Source code in src/core/patchExtractor.py
def pr_patches(repo, diverge_date, least_date, token_list, ct):
    '''
    Get details of pull requests which part of patches 

    Args:
        repo (String): repository containing pull requests
        diverge_date (datetime): date the variant diverged from the mainline
        least_date (datetime): date of last commit
        token_list (String): list of GitHub API tokens
        ct (int): token counter
    Return:
        pr (list): list of pull request
        pr_all_merged (list): list of all pull requests
        title (list): list of pull request titles 
    '''
    pr = []
    pr_all_merged = []
    title = []
    tot_com = 0
    bug_keyword = ['failur', 'fail', 'npe ', ' npe', 'issue', 'except', 'broken',
                   'crash', 'bug', 'differential testing', 'error', 'incorrect', 'flaw',
                   'addresssanitizer', 'hang ', ' hang', 'jsbugmon', 'leak', 'permaorange',
                   'random orange', 'intermittent', 'regression', 'test fix', 'problem',
                   'heap overflow', 'exception', 'daemon', 'stopped', 'broken', ' fault', 'race condition',
                   'deadlock', 'synchronization error', 'dangling pointer', 'null pointer', 'overflow', 'memory leak',
                   'race condition', 'restart', 'steps to reproduce', 'crash', 'assertion', 'failure', 'leak',
                   'stack trace', 'defect', 'mistake', 'fix', 'avoid',
                   'regression', 'test fix', ' hang', 'hang ', 'heap overflow', 'mozregression', 'safemode',
                   'safe mode', 'stop'
                   ]

    p = 1
    count = 0
    try:
        while True:
            # I rearranged the order of the parameters since the previous ordering would only yield 30 
            # objects (pull requests) in the arraylist instead of 100
            url = f"{constant.GITHUB_BASE_URL}{repo}/pulls?page={str(p)}&per_page=100&state=closed&sort=created&direction=desc"
            p = p + 1
            count = 1

            pulls_arrays, ct = get_response(url, token_list, ct)
            # tot_com = tot_com + len(pulls_arrays)
            # print(url)
            if pulls_arrays is not None:
                print(url)
                # pr = 0
                if len(pulls_arrays) == 0:
                    break
                for pull_obj in pulls_arrays:
                    # I added a try and accept block since this step would yield and exception of the repo 
                    # pair apache/kafka->linkedin/kafka.

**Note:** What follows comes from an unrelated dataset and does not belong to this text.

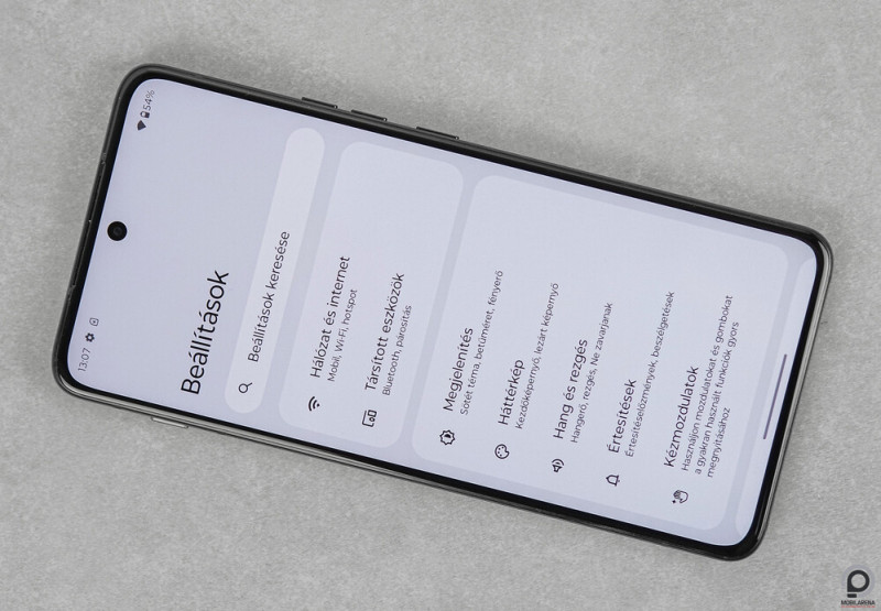 A minden pillanatban tökéletesen gördülékeny felület 1080 x 2400 tűéles, kirobbanó színekkel operáló pixelen jelenik meg perfekt feketékkel és betekintési szögekkel, illetve 1000 nites napfény alatti fénysűrűséggel. Létezik persze élesebb és fényesebb panel, mégsem éreztem a dolog hátrányát a gyakorlatban. Sokrétű kalibrációs opciókkal, éjjel kellően sötét megjelenítéssel és remek érintésérzékeléssel a telefon tehát úgy is igazolja a magas árazást, hogy a hardveres hátrány 2024 közeledtével tetemes. Szerencsére az apró, 32 megapixeles kamera a fénymérő és a közelségérzékelő környékén nem fapados darab, 4K 60 fps videó is rögzíthető vele, lejjebb pedig az pixelek mögé rejtett ujjlenyomat-olvasó operál hibátlanul. Az 5000 mAh-s telep végül nem csak bőkezű, a 15 wattos vezetékmentes töltést is kipipálja.

For some reason, the exception was not being raised with other 
                    # repo pairs like learningequality/pycaption->pbs/pycaption and 
                    # hzdg/django-enumfields->druids/django-choice-enumfields
                    # I guess there are some commits in apache/kafka->linkedin/kafka that were causing the error. 
                    # A workaround was to ignore them the pull requests that were yielding the exception
                    try:
                        pull_created_at = pull_obj['created_at']
                        if parser.parse(pull_created_at) > parser.parse(least_date):
                            continue
                            # raise GetOutOfLoop

                        if pull_obj['merged_at'] is not None:
                            if parser.parse(pull_obj['merged_at']) > parser.parse(least_date):
                                continue
                            # print(repo, 'parser.parse(pull_obj[merged_at]) = ', parser.parse(pull_obj['merged_at']))
                            # print(repo, 'parser.parse(diverge_date) = ', parser.parse(diverge_date))

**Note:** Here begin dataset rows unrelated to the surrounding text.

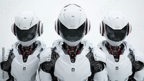 © chusnul, Fototapeta premium Three futuristic robots with sleek designs and headphones against a minimalist background.
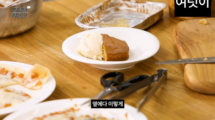 파이가 구워지면 용기에서 분리시켜 먹기 좋은 크기로 자른다.
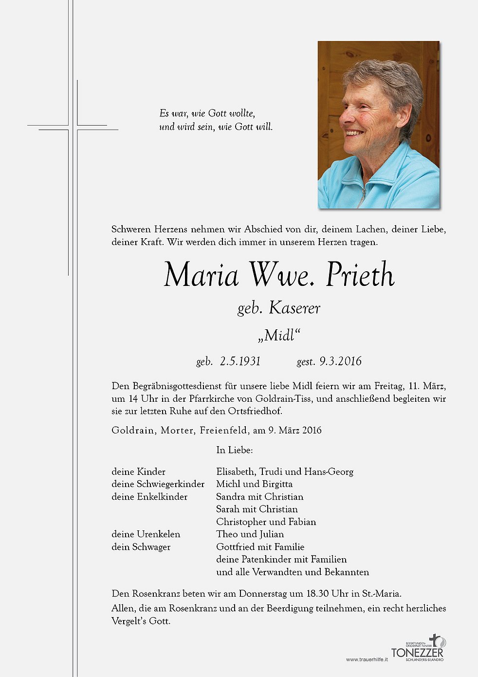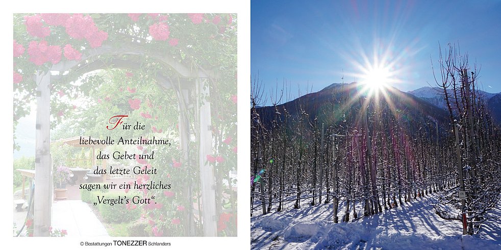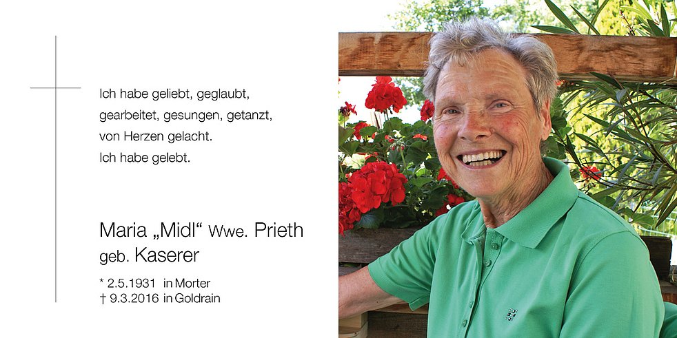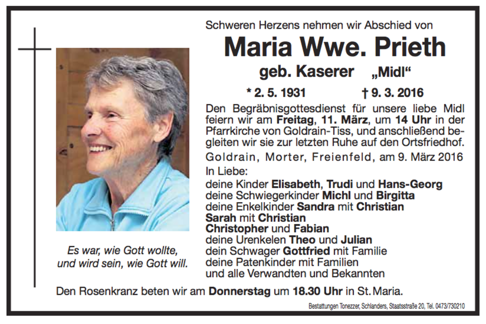 Den Begräbnisgottesdienst für unsere liebe Midl feiern wir am Freitag, 11. März, um 14 Uhr in der Pfarrkirche von Goldrain-Tiss, und anschließend begleiten wir sie zur letzten Ruhe auf den Ortsfriedhof.

                            if parser.parse(pull_obj['merged_at']) < parser.parse(diverge_date):
                                count = 0
                                break
                                # raise GetOutOfLoop
                            pr_all_merged.append(pull_obj['number'])
                            pull_title = pull_obj['title'].lower().replace(';', '-').replace(',', '-')
                            for bug in bug_keyword:
                                if bug in pull_title:
                                    pr.append(pull_obj['number'])
                                    title.append(pull_title)
                                    break
                        if count == 0:
                            break
                    except Exception as e:
                        print(e)
            if count == 0:
                break
    except GetOutOfLoop:
        pass

    return pr, title, pr_all_merged, ct